What the task requires
Could you copy exactly the lines below, beginning at the line with "Ordbøgerne er gratis" and stopping after the line with "La crema spalmabile", with no pictures?

[Data shown Boundary: Start]

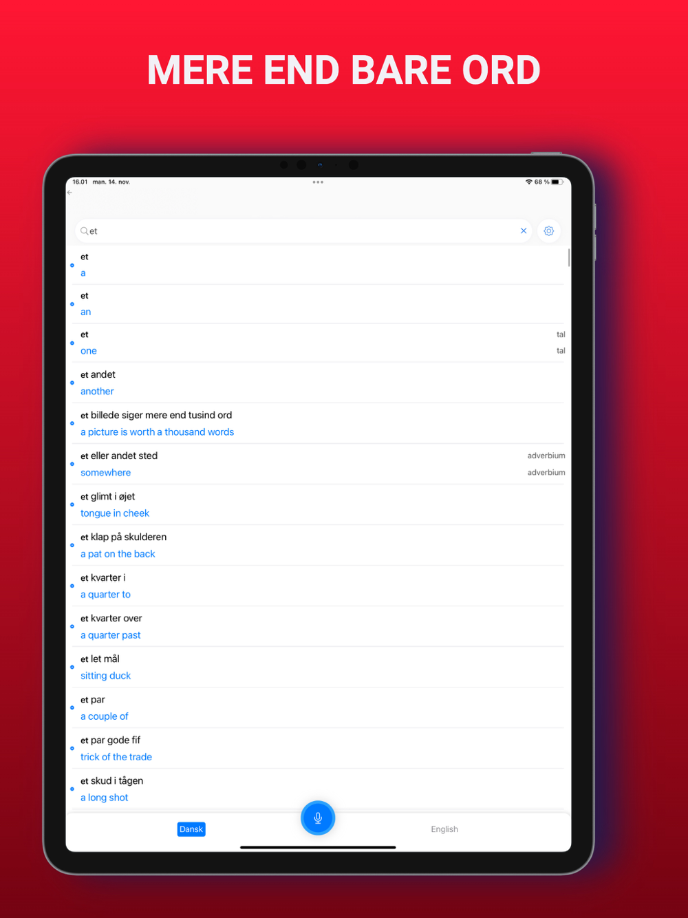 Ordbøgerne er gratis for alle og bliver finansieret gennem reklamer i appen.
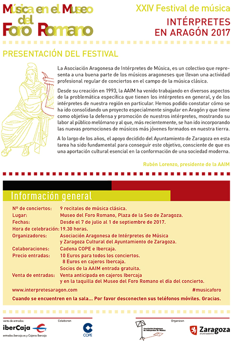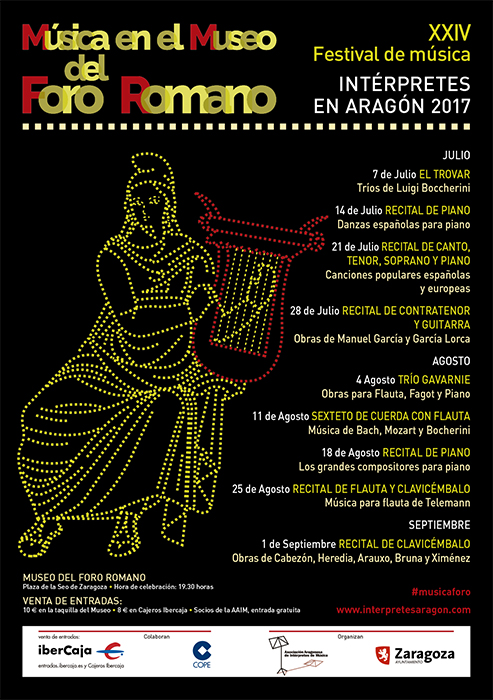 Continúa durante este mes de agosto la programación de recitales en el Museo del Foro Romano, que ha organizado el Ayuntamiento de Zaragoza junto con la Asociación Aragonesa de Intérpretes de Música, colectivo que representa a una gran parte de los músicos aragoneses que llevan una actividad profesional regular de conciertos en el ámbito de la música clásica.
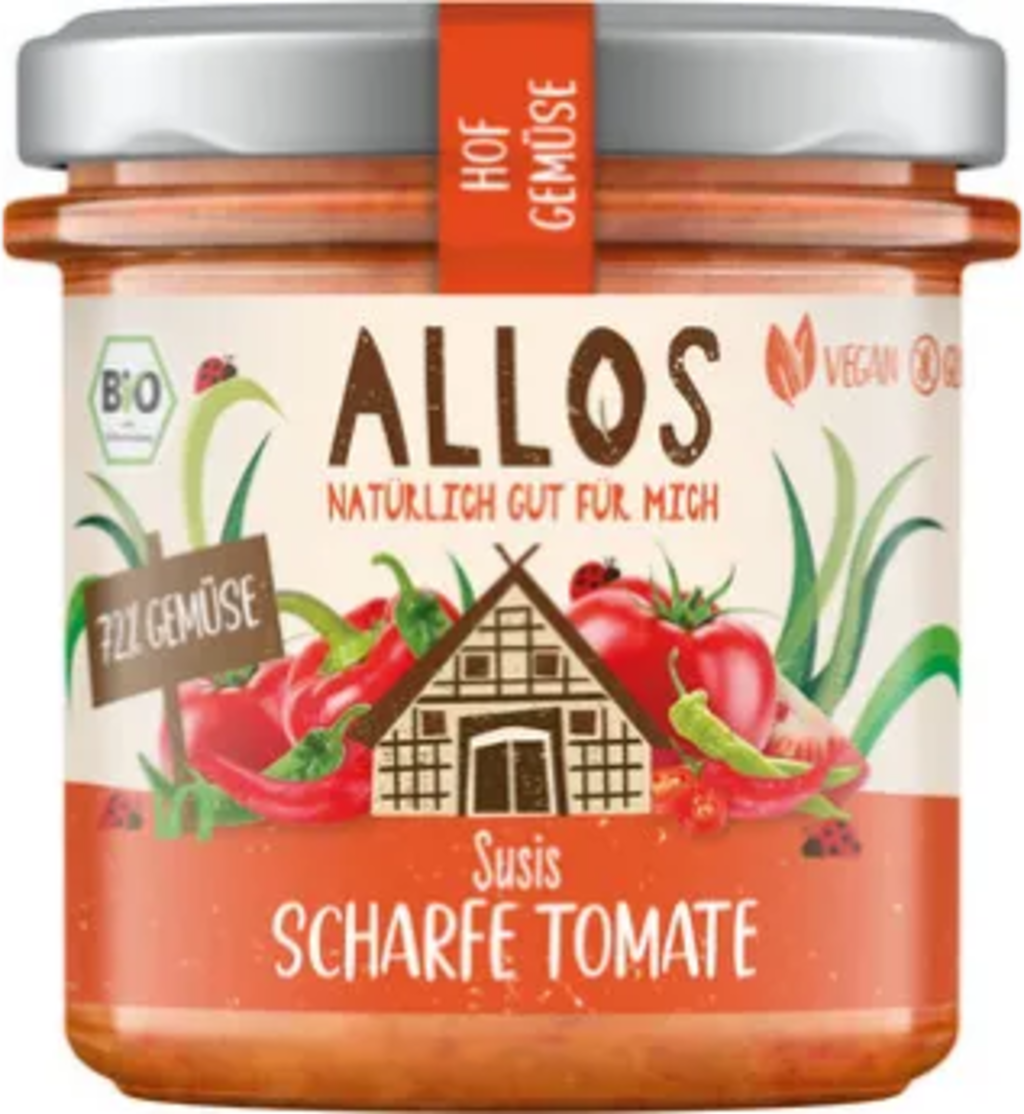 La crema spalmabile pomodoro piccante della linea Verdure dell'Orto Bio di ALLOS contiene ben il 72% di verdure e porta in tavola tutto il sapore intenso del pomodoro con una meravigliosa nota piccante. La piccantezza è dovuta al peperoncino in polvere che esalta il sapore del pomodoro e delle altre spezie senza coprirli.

[Data shown Boundary: End]
[Data shown Boundary: Start]

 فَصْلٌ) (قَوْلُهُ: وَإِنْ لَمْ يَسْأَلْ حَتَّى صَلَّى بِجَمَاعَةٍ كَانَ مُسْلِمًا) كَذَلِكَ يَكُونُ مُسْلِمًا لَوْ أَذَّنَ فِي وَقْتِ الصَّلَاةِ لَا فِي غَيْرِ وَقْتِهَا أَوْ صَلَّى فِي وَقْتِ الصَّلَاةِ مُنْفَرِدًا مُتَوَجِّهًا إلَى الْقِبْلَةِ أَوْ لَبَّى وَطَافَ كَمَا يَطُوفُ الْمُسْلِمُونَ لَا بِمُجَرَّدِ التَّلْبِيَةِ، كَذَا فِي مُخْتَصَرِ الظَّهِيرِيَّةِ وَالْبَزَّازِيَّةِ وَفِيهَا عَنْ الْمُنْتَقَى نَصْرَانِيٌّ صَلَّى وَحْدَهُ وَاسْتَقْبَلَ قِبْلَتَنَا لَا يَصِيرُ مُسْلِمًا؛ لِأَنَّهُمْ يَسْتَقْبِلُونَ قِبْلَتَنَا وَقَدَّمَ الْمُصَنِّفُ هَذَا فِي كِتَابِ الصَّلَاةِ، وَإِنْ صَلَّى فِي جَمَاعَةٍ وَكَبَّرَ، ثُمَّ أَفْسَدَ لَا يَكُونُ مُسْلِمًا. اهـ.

[Data shown Boundary: End]

Task solution
 Ordbøgerne er gratis for alle og bliver finansieret gennem reklamer i appen.
 Continúa durante este mes de agosto la programación de recitales en el Museo del Foro Romano, que ha organizado el Ayuntamiento de Zaragoza junto con la Asociación Aragonesa de Intérpretes de Música, colectivo que representa a una gran parte de los músicos aragoneses que llevan una actividad profesional regular de conciertos en el ámbito de la música clásica.
 La crema spalmabile pomodoro piccante della linea Verdure dell'Orto Bio di ALLOS contiene ben il 72% di verdure e porta in tavola tutto il sapore intenso del pomodoro con una meravigliosa nota piccante. La piccantezza è dovuta al peperoncino in polvere che esalta il sapore del pomodoro e delle altre spezie senza coprirli.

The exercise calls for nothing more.